Required action: Please return only the lines from the one with "Dimensões da Mesa" through the final line of the data, unchanged, with pictures omitted.

Data excerpt:
== == ==

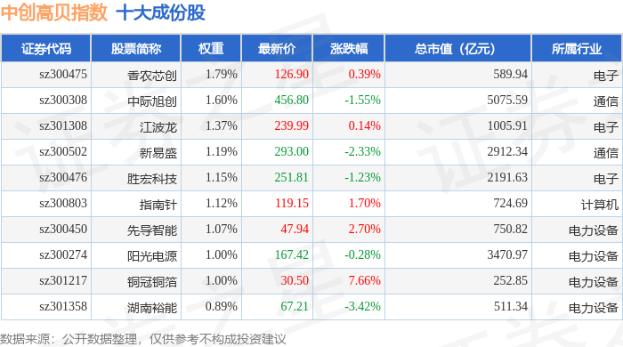 证券之星消息,11月24日,中创高贝(399666)指数报收于1892.41点,涨1.52%,成交2510.59亿元,换手率3.96%。当日该指数成份股中,上涨的有162家,蓝色光标以15.72%的涨幅领涨,下跌的有38家,江特电机以8.98%的跌幅领跌。
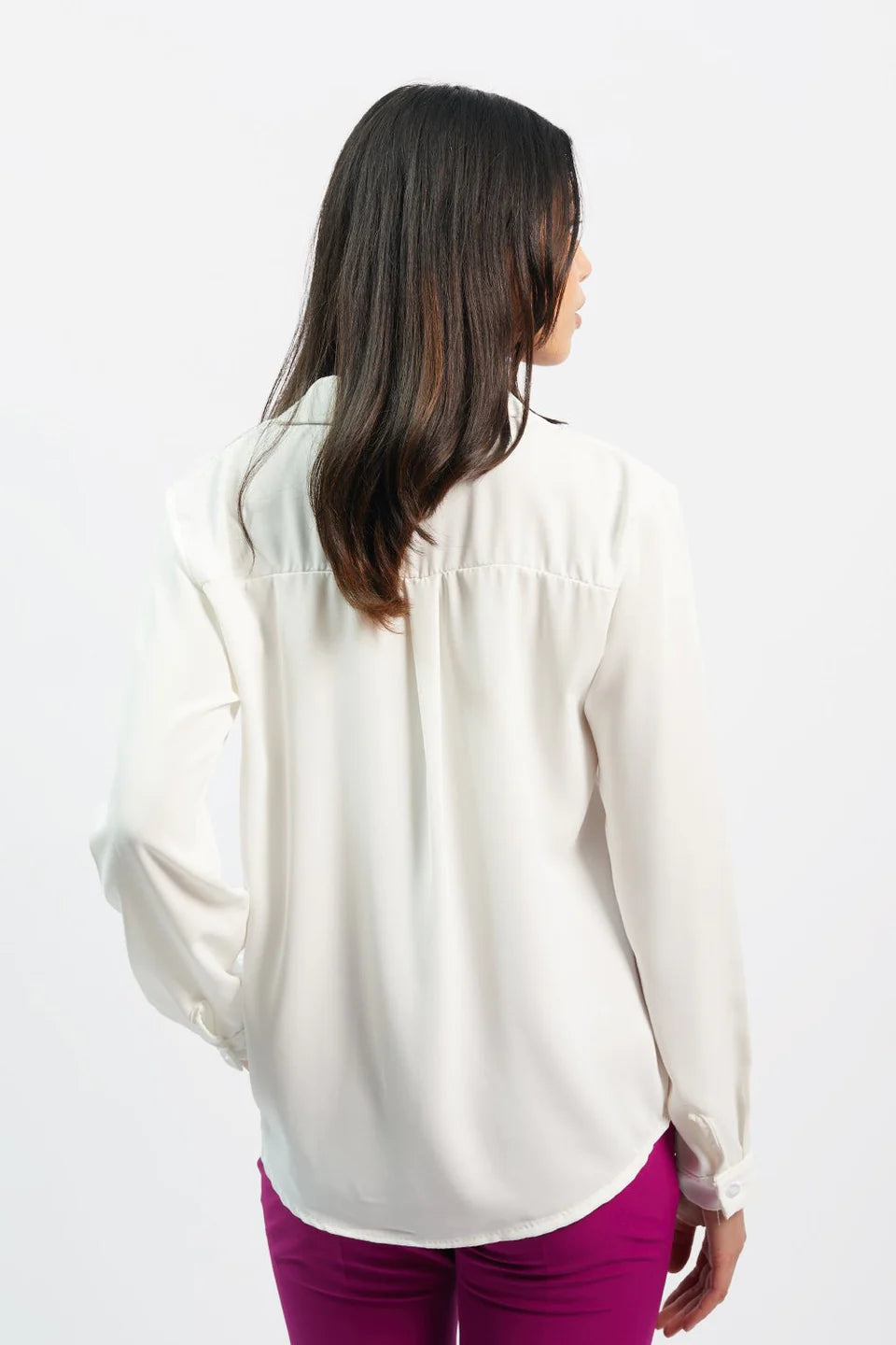 Camicia morbida satinata con colletto e maniche lunghe. Chiusura anteriore con bottoni.
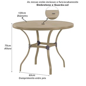 Dimensões da Mesa com Tampo Ripado: Altura: 75 cm Largura: 120 cm Profundidade: 120 cm
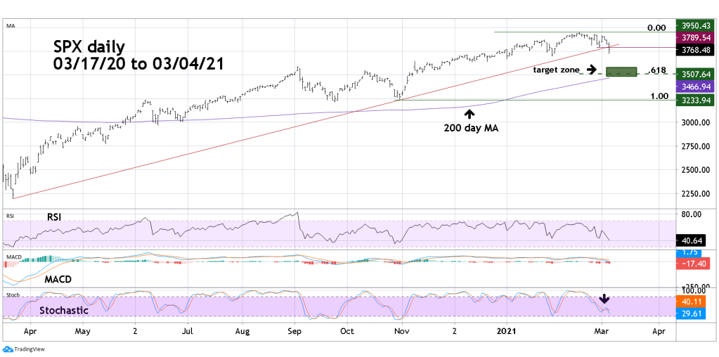 Today 03/04/21 the S&P 500 (SPX) broke below the rising trendline from the bottoms made on 03/23/20 and 10/30/20. Additionally, the short- term bottom at 3789.54 made on 02/26/21 was also broken. These dual breaches of support contribute to the massive amount of evidence that US stocks may have formed an important top.

== == ==

Result for this task:
 Dimensões da Mesa com Tampo Ripado: Altura: 75 cm Largura: 120 cm Profundidade: 120 cm
 Today 03/04/21 the S&P 500 (SPX) broke below the rising trendline from the bottoms made on 03/23/20 and 10/30/20. Additionally, the short- term bottom at 3789.54 made on 02/26/21 was also broken. These dual breaches of support contribute to the massive amount of evidence that US stocks may have formed an important top.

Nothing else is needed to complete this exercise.